As Dr. James Shapiro, the Chair of Canada Research and one of the lead authors of the study says, that’s no small achievement: “The data from these papers represent a significant scientific advance. It is the first reported evidence that differentiated stem cells implanted in patients can generate meal-regulated insulin secretion, offering real hope for the incredible potential of this treatment.”

And that wasn’t all. The researchers say that patients spent 13 percent more time in the target range for blood sugar levels than before the treatment, and some were even able to reduce the amount of insulin they injected.

Now this is only a Phase 1 clinical trial so the goal was to test the safety of the pouch, called PEC-Direct (VC-02), to see if the body would tolerate it being implanted and to see if it is effective. The beauty of this method is that the device is implanted under the skin so it can be removed easily if any problems emerge. So far none have.

Ultimately the hope is that this approach will help patients with T1D better regulate their blood sugar levels, improve their health outcomes, and one day even achieve independence from the burden of daily insulin injections.

One thought on “Producing insulin for people who can’t

  1. Stem cells are great advantage for treatment of many diseases. In many adult tissues, stem cells are ease to be isolated, cultures and availability in many tissues. Their immunomodulatory properties and lack of ethical issues giving hope for both autologous and allogenic transplantation. However, stem cell -based therapy may produce undesirable effects. Many cumulative factors can give a response in the form of spontaneous tumor transformation, such as, 1)The ability of stem cells to proliferate for long periods of time, high viability and resistance to apoptosis can easily develop tumorigenesis. 2)Donor’s age, host tissue, growth regulators expressed by recipient tissues and mechanism that control behavior of stem cells at the target site. 3)Manipulation and longterm in vitro cultures of stem cells can cause genetic instability and chromosome aberration

    Current clinical trial by using PSC-derived pancreatic progenitors which were fully encapsulated device and implanted into patients with T1D. The observation revealed that implanted device acquired neovasculature and PEC-01 cells matured into insulin-expressing β cells in T1D patients. The results showed that 63% of trial patients had stimulated C-peptide response which was indicator to determine endogenous β cell function. The unequivalent response of T1D patients to implanted PSC-derived cells indicates that pancreatic progenitors require growth factors to growth and differentiation. The different ability of T1D patients produce growth factors and support maturation of progenitors causing diversity of findings. During the process of maturation, stem cells require multiple stages of growth and differentiation to produce mature and functioning cells. Each stage of maturation requires specific growth factor and timing for development. Hence, T1D patients require additional supply of specific growth factor to support progenitors development on certain period of time. As all trial patients are undergoing immunosuppressive treatment, the possibility of patients develop cancers for longterm period of time is unavoidable.
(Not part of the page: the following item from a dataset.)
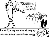 На "Демократический марш за права и свободы граждан и выборность глав регионов" геи, лесбиянки, бисексуалы и транссексуалы Санкт-Петербурга выходят под лозунгом "Мы дискриминацию не выбирали". Именно по нему можно будет найти ЛГБТ-блок, а также, конечно, по радужным флагам! Геи и лесбиянки идут вместе с демократами, чье участие в акции координирует движение "За честные выборы". Рядом будут активисты "Солидарности", "Парнаса", РСДСМ, "Яблока" и других организаций демократического толка.

Of course, those aberrant cells are unable to be removed by autoimmune response. Thus, extensive follow up is essential to prevent the patients from developing cancers. The short period of observation within 1-2 years does not support the safety and efficacy of implanted PSC-derived cells in T1D patients. The longterm follow up of trial patients are essential to protect the health and well being of T1D patients.